2

I have a varchar column and i want to replace all diacritics with normal letters

For example:

  • In: São Paulo Out: Sao Paulo
  • In: eéíãç Out: eeiac
luisvenezian
  • 441
  • 5
  • 18
  • Updated my answer with encoding you may want to use. Please consider adding additional context/details to your question for others that may be encountering similar issues. – pygeek Oct 08 '20 at 20:48
  • If it's actually *all* diacritics (https://en.wikipedia.org/wiki/List_of_precomposed_Latin_characters_in_Unicode) it's really hard, you might create a huge list and `otranslate` to the base character. If you hide it in a SQL UDF it would be easy to use. But the best solution is probably based on a C-UDF, search for existing C-code doing this and then you just have to wrap it in a TD C-UDF – dnoeth Oct 08 '20 at 21:49
  • appreciate all your thoughts and so i'll keep trying it by using Translate, SQL UDF or C-UDF – luisvenezian Oct 09 '20 at 02:37
  • What's the character type of the base column? LATIN or UNICODE? – dnoeth Oct 09 '20 at 08:22
  • By default teradata has been setting LATIN when i create varchar columns – luisvenezian Oct 09 '20 at 11:37

1 Answers1

3

A diacritical character is a composite character, i.e. can be a base char plus a diacritic, e.g.

   'a' +  '´' =  'á'
  0061 + 00B4 = 00E1   
    

Both 006100B4 and 00E1 result in the same character, Unicode allows to switch back and forth using normalization functions, which are supported by Teradata:

translate(string using UNICODE_TO_UNICODE_NFD)

decomposes a composite character into separate characters.
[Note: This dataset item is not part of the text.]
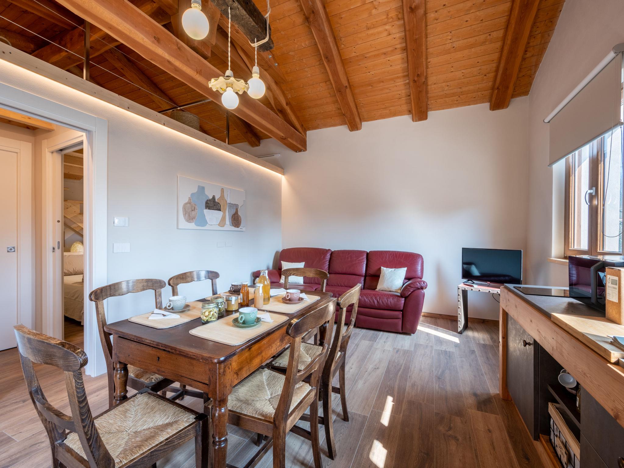"Da Marita", 2-room house 70 m2 on 2 levels on 1st floor. Living/dining room with dining table and TV. 1 double bedroom. Kitchenette (2 induction hot plates, microwave, electric coffee machine). Shower/bidet/WC. Gas heating. Heating available only from 15.10. to 15.04. Upper floor: (open staircase) open interconnecting room with sloping ceilings, ceiling height 40 - 100 cm, window onto the living room with 1 double bed. Facilities: hair dryer. Internet (WiFi, free). Instead of an enclosed bedroom, some sleeping areas are located in an open-plan area (gallery, alcove, etc.). IT004240C2GNDME8J9

Those Combining Diacritical Marks are in a Unicode block ranging from U+0300 to U+036F.

Now decompose the input and apply a Regular Expression to remove characters from this range:

select
   'Ťĥïŝ ẅåš á şťŕĭńġ ŵïţĥ ḿäṇȳ ḓìāčṝĩţïĉș' as str,
   REGEXP_REPLACE(translate(str using UNICODE_TO_UNICODE_NFD) -- decomposed input
                 ,'[\x{0300}-\x{036F}]'                        -- diacritics
                 ,'')

returns

Ťĥïŝ ẅåš á şťŕĭńġ ŵïţĥ ḿäṇȳ ḓìāčṝĩţïĉș
This was a string with many diacritics

If there are other decomposable characters you might need to compose them again to save space using another translate(... using UNICODE_TO_UNICODE_NFC)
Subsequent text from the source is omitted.